Nils Pratley
Wednesday July 11, 2007
The last time oil was at $76 a barrel, which was only 11 months ago, a chorus line emerged to tell us it would not last. Speculative money was at play, political tensions would ease, and American drivers would notice a rise in pump prices. All were good points, and a reasonable explanation of why the oil price fell rapidly over the next few months; by January, Brent was close to $50 a barrel.
So why is it at $76 again? Certainly, speculative money is back. Oil, despite being a vast market with huge daily volumes, is also territory for financial players, who these days even include pension funds, who have been persuaded that modern investment portfolios need a smattering of commodities.

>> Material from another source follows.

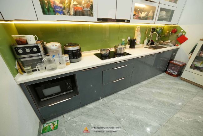 + Màu sắc: Hệ tủ dưới cánh kính màu ghi; hệ tủ bếp trên cánh kính màu trắng, sáng không gian, cảm giác rộng rãi hơn cho căn bếp nhỏ hẹp.

But these games are not played in a vacuum. The key driver of the oil price remains the iron law of supply and demand. On this front, last year’s chorus line, amply filled with oil company executives, is striking a different note.
Now the industry is full of explanations of why it can’t pump more oil more quickly. Rigs are in short supply; technical staff can’t be trained fast enough; and costs in general have risen so rapidly that they must feed into spot prices. These factors also affect the state-owned producers within the Opec cartel, so it’s not just the majors, such as BP and Shell, whose production volumes are disappointing.

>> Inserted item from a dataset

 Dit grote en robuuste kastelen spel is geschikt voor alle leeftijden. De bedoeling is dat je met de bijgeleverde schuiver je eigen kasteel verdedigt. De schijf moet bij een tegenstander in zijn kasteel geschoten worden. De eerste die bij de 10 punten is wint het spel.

On the demand side, the US economy’s weakness at the start of the year did not last. Now the International Energy Agency tells us demand for oil will grow at 2.2% a year, not 2% as previously estimated, as China and India consume more. The result, says the agency, is a supply “crunch” in five years’ time and, in the end, insufficient supply can only be balanced by a drop in demand.
That may be the eventual result – in other words, a proper recession – but in the very short-term, it is hard to see how the pressure can be relieved.
The “political premium” in the oil price is not going to disappear while Iraq continues to be a mess. Big new oil discoveries, like Chevron’s find deep under the Gulf of Mexico, are costlier to access and won’t produce soon. And subsidies for alternative energy supplies are not about to tilt the market.
It’s why the data from the trading exchanges says the speculative money is not retreating at current levels: the view is that $70-plus will be harder to shake this time. While the global economic outlook is fair to rosy, it’s hard to disagree.